简体   繁体   English

Oracle 按连续值查询分组并获取开始日期和结束日期

[英]Oracle query group by consecutive value and get start date and end date

I have a table like this (actually, is the result of a large large query):我有一个这样的表(实际上是大型查询的结果):

id   |  date_measured        |  out_of_range
-----+-----------------------+--------------
3147 |  09/08/2019 20.00:00  |  1
3147 |  09/08/2019 21.00:00  |  0
3147 |  09/08/2019 22.00:00  |  0
3147 |  09/08/2019 23.00:00  |  1
3147 |  10/08/2019 00.00:00  |  1
3147 |  10/08/2019 01.00:00  |  1
3147 |  10/08/2019 02.00:00  |  0
3125 |  09/08/2019 20.00:00  |  0
3125 |  09/08/2019 21.00:00  |  1
3125 |  09/08/2019 22.00:00  |  1
3125 |  09/08/2019 23.00:00  |  0
3125 |  10/08/2019 00.00:00  |  1
3125 |  10/08/2019 01.00:00  |  1
3125 |  10/08/2019 02.00:00  |  1

and I need this result:我需要这个结果:

id   |  date_measured_start  |  date_measured_end    |  consecutive_out_of_range
-----+-----------------------+-----------------------+--------------------------
3147 |  09/08/2019 20.00:00  |  09/08/2019 20.00:00  |  1
3147 |  09/08/2019 23.00:00  |  10/08/2019 01.00:00  |  3
3125 |  09/08/2019 21.00:00  |  09/08/2019 22.00:00  |  2
3125 |  10/08/2019 00.00:00  |  10/08/2019 02.00:00  |  3

that is the consecutive recurrence of the value out_of_range = 1 and the relative start and end date.这是值out_of_range = 1和相对开始和结束日期的连续重复。

I tried to use this solution but I just can't have only the consecutive 1 for the out_of_range .我尝试使用解决方案,但我不能只有连续的1用于out_of_range value.价值。

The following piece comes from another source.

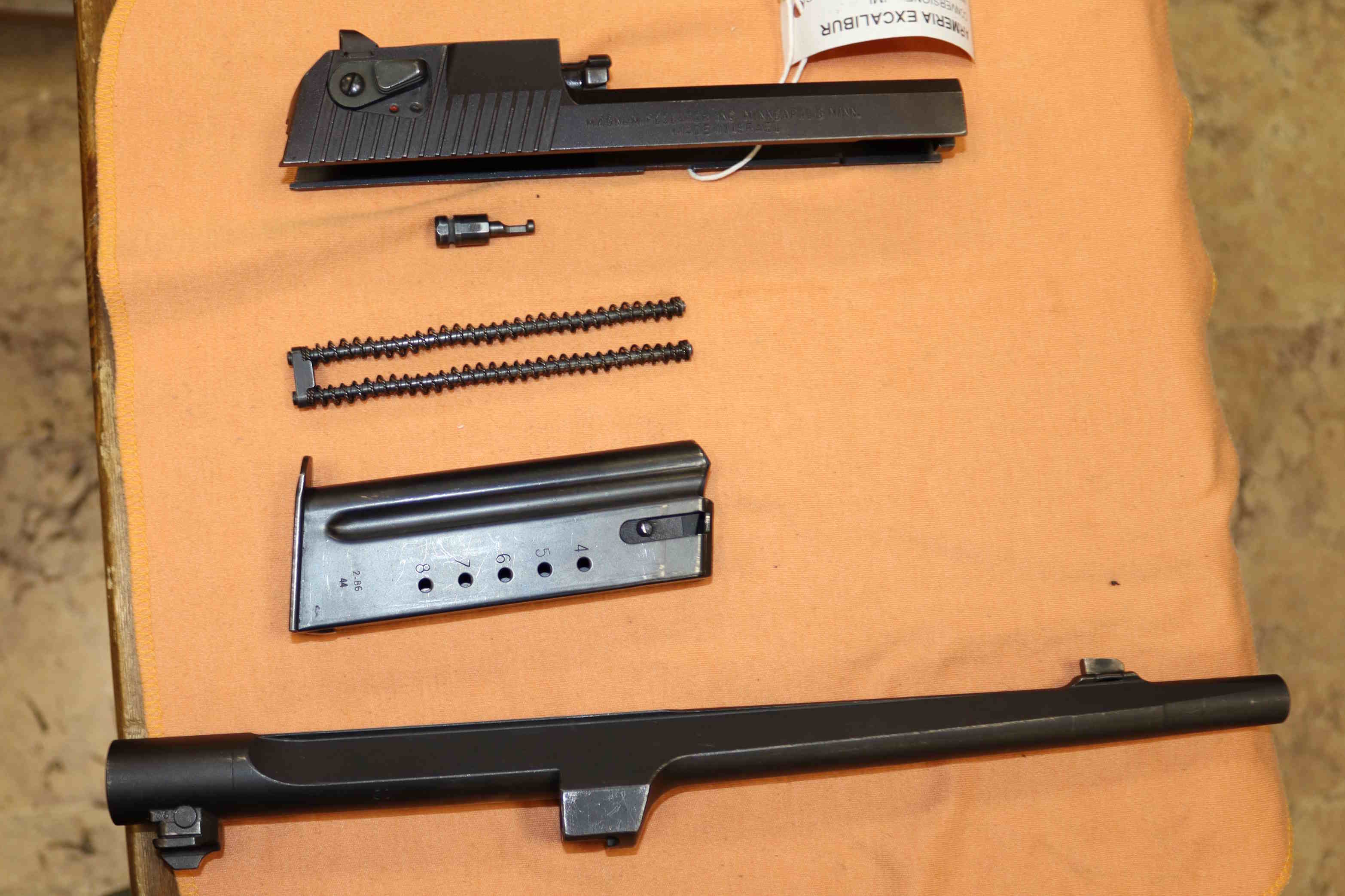 Conversione IMI Desert Eagle cal. 44 Magnum , canna da 10 pollici. La conversione non fa cumulo in denuncia. Eventuali aloni o macchie che potete vedere nelle foto sono residui olio e grasso di protezione o riflessi del flash.

Here is a different application of the same method as in MT0's answer.这是与 MT0 答案中相同方法的不同应用。 The method is known as the "fixed differences" method (the "fixed differences", in both solutions, are the additional, computed value by which we group the data);该方法被称为“固定差异”方法(两种解决方案中的“固定差异”是我们对数据进行分组的附加计算值); also known as the "tabibitosan" method.也称为“tabibitosan”方法。

In this solution I subtract a row_number() (appropriately modified) directly from the date, but after selecting just the rows with the flag equal to 1. This may be important if you have a very large amount of data, but only a relatively small fraction of rows have the flag equal to 1. This is because row_number() needs to order the data, and ordering is an expensive operation.在这个解决方案中,我直接从日期中减去row_number() (适当修改),但是选择标志等于 1 的行之后。如果您有大量数据,这可能很重要,但只有相对较小一小部分行的标志等于 1。这是因为row_number()需要对数据进行排序,并且排序是一项昂贵的操作。 To solve the problem, we don't need to order (by date) the rows where the flag is 0 - only the rows where the flag is 1.为了解决这个问题,我们不需要(按日期)对标志为 0 的行进行排序 - 只需对标志为 1 的行进行排序。

EDIT (based on MT0's comment below this answer)编辑(基于 MT0 在此答案下方的评论)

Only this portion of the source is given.